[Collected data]
#####

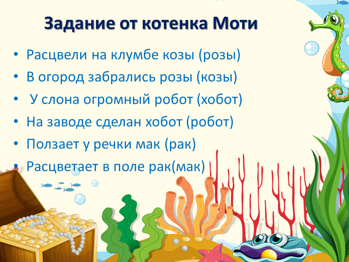 Цель для ребёнка: умение различать на слух и в произношении все звуки родного языка; внятно и отчетливо произносить слова со звуками Р-РЬ; называть слова с сонорными звуками, определяя место в слове, развивая активную речь при ответах; выполнять правильно задания, зарабатывая смайлики.
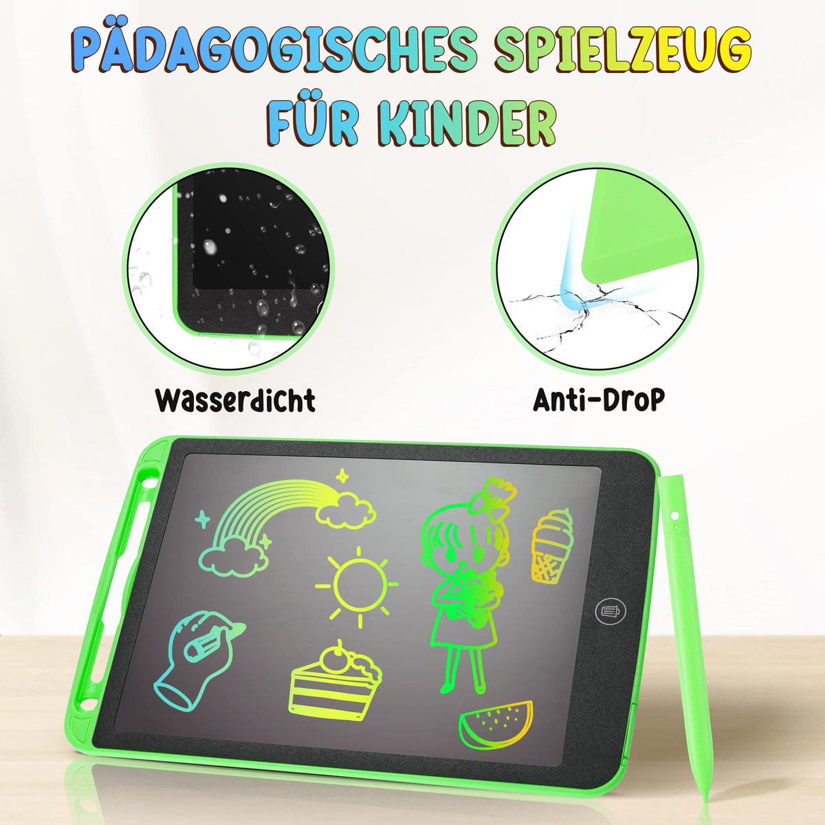 This Is The Product To Help Children Show Their Inspiration. Kids Drawing And Writing Kids Will Play With The Product. Most Children Enjoy In Writing And Drawing, Even If They Are Scribbling. No Paper Waste, And You Don'T Need Worry About Them. Teaching By The Tools This Tablet Will Help You When You Want To Explain Simple Things To Your Child. This Is The Best Early Education Product For Parents And Children. Office Recording This Tablet Will Help You When You Want To Explain Simple Things To Your Child. This Is The Best Early Education Product For Parents And Children. Features That You Are Loving! 1.12Inch Large Lcd Colorful Screen To Show Your Children'S Imagination. Flexible Liquid Crystal Writing Technology So You Don'T Need To Worry About Scratching This Screen; 2.One Button Clearing Is More Efficient And Faster. No Need To Erase By Hand. No Dust, No Pigment, Absolutely Safe For Children; 3.Ultra-Thin Design Makes It Light To Take It Anywhere You Want! So You Can Easily Put It In Your Bag And Use It Anytime In Restaurants, Classrooms, Beds, Etc. 4.Added Smart Lock Function. Just Lock It And You Don'T Have To Worry About The Previous Work Being Accidentally Cleared And Continue Your Child'S Imagination; 5.Ultra Low Power Consumption Is Durable. You Don'T Need To Charge This Broad, It Has A Built-In Cr2025 Battery. The Battery Is Replaceable And Can Be Used Normally For 12 Months At A Time; 6.Come With Stylus And Lanyard That Writes Smoothly And And You Dont Need To Find A Pen When You Want To Write And Draw. No Longer Need Other Accessories;
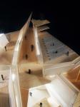 The erosion-like sculpturing of the volume gave the opportunity of defining three different spaces of the museum in terms of programmatic specificity and space qualities. Starting from ground level the entrance of the museum faces a cave-like covered plaza where the angled shafts frame the view to the sea. This large embracing gesture of the building gives the effect of a melting together of the museum and the seafront platform and is serving as an entrance simultaneously for the museum, the restaurant and the cafeteria as well as a place for walking, leisure and music events.
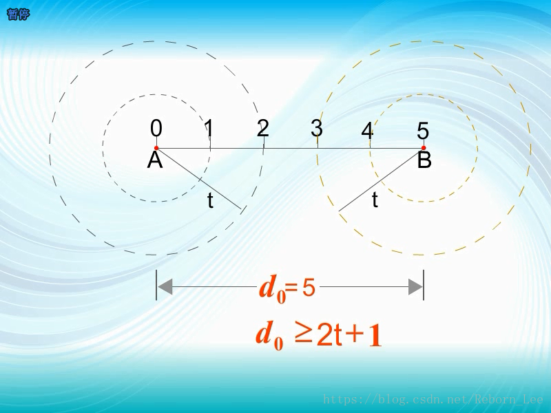 图中码组A或B若发生不多于两位错码,和它们的错码位置均不会超过以原位置为圆心,以2为半径的圆,由于这两个圆不重叠,故可以这样判决:若接收码组落在以A为圆心的圆上,就判决收到的码组为A;
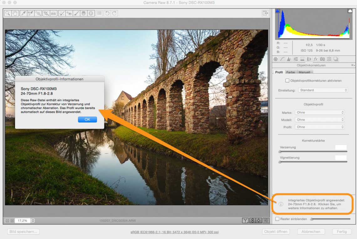 Bei der Verwendung von Camera Raw zum Entwickeln der Fotos sah ich aber zum ersten Mal (wahrscheinlich, weil ich sonst nur mit Raws aus DSLRs und Mittelformatkameras zu tun habe) den folgenden Hinweis: „Diese Raw-Datei enthält ein integriertes Objektivprofil zur Korrektur von Verzerrung und chromatischer Aberration. Das Profil wurde bereits automatisch auf dieses Bild angewendet.“
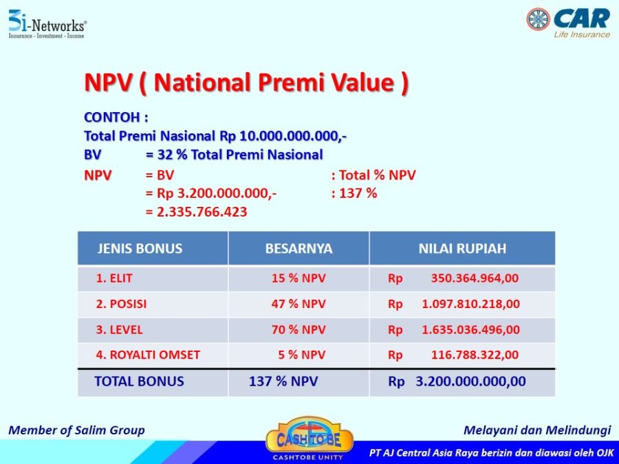 Adalah Bonus Mengajak/Merekrut Nasabah Baru. Sekali merekrut nasabah baru berhak bonus selama 3 tahun (36x) dengan besaran bonus sesuai pilihan premi nasabah baru.
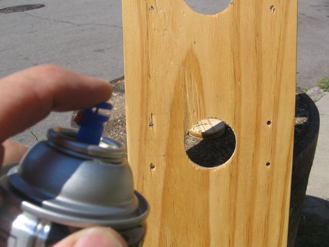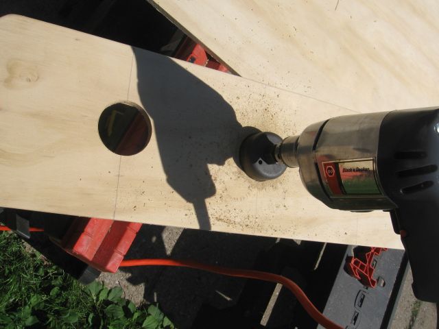 I then cut out 1 1/2 inch sections with a drill with a boring attachment (it’s the same attachment you use when installing a doorknob…it’s simple to do and the tool is inexpensive).
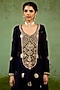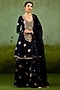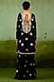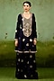 Featuring a navy blue kurta in silk brocade base with zardosi hand embroidery. It is paired with sharara pants and an organza dupatta. Style it with statement earrings, soft curls and block heels, perfect for festive gatherings or sangeet ceremony.
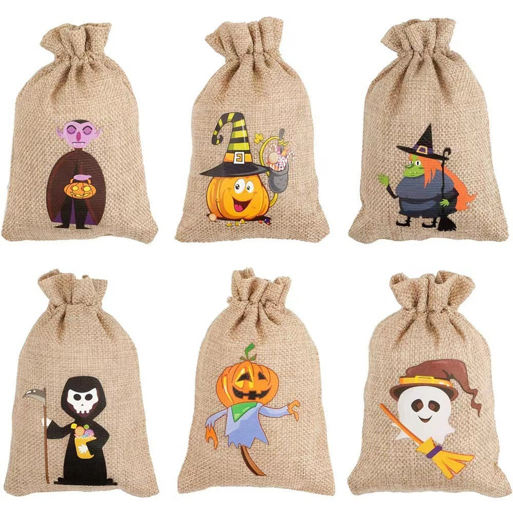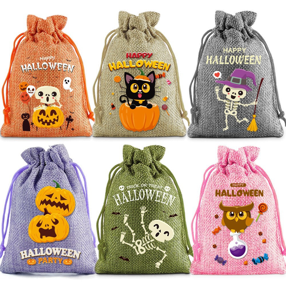 Halloween Luminous Colorful Linen Gift Drawstring Bag

#####

= ASSIGNMENT =
Reproduce, word for word, every line from the one that contains "The erosion-like sculpturing" to the end of the data, including both ends; omit all pictures.

= ANSWER BELOW =
 The erosion-like sculpturing of the volume gave the opportunity of defining three different spaces of the museum in terms of programmatic specificity and space qualities. Starting from ground level the entrance of the museum faces a cave-like covered plaza where the angled shafts frame the view to the sea. This large embracing gesture of the building gives the effect of a melting together of the museum and the seafront platform and is serving as an entrance simultaneously for the museum, the restaurant and the cafeteria as well as a place for walking, leisure and music events.
 图中码组A或B若发生不多于两位错码,和它们的错码位置均不会超过以原位置为圆心,以2为半径的圆,由于这两个圆不重叠,故可以这样判决:若接收码组落在以A为圆心的圆上,就判决收到的码组为A;
 Bei der Verwendung von Camera Raw zum Entwickeln der Fotos sah ich aber zum ersten Mal (wahrscheinlich, weil ich sonst nur mit Raws aus DSLRs und Mittelformatkameras zu tun habe) den folgenden Hinweis: „Diese Raw-Datei enthält ein integriertes Objektivprofil zur Korrektur von Verzerrung und chromatischer Aberration. Das Profil wurde bereits automatisch auf dieses Bild angewendet.“
 Adalah Bonus Mengajak/Merekrut Nasabah Baru. Sekali merekrut nasabah baru berhak bonus selama 3 tahun (36x) dengan besaran bonus sesuai pilihan premi nasabah baru.
 I then cut out 1 1/2 inch sections with a drill with a boring attachment (it’s the same attachment you use when installing a doorknob…it’s simple to do and the tool is inexpensive).
 Featuring a navy blue kurta in silk brocade base with zardosi hand embroidery. It is paired with sharara pants and an organza dupatta. Style it with statement earrings, soft curls and block heels, perfect for festive gatherings or sangeet ceremony.
 Halloween Luminous Colorful Linen Gift Drawstring Bag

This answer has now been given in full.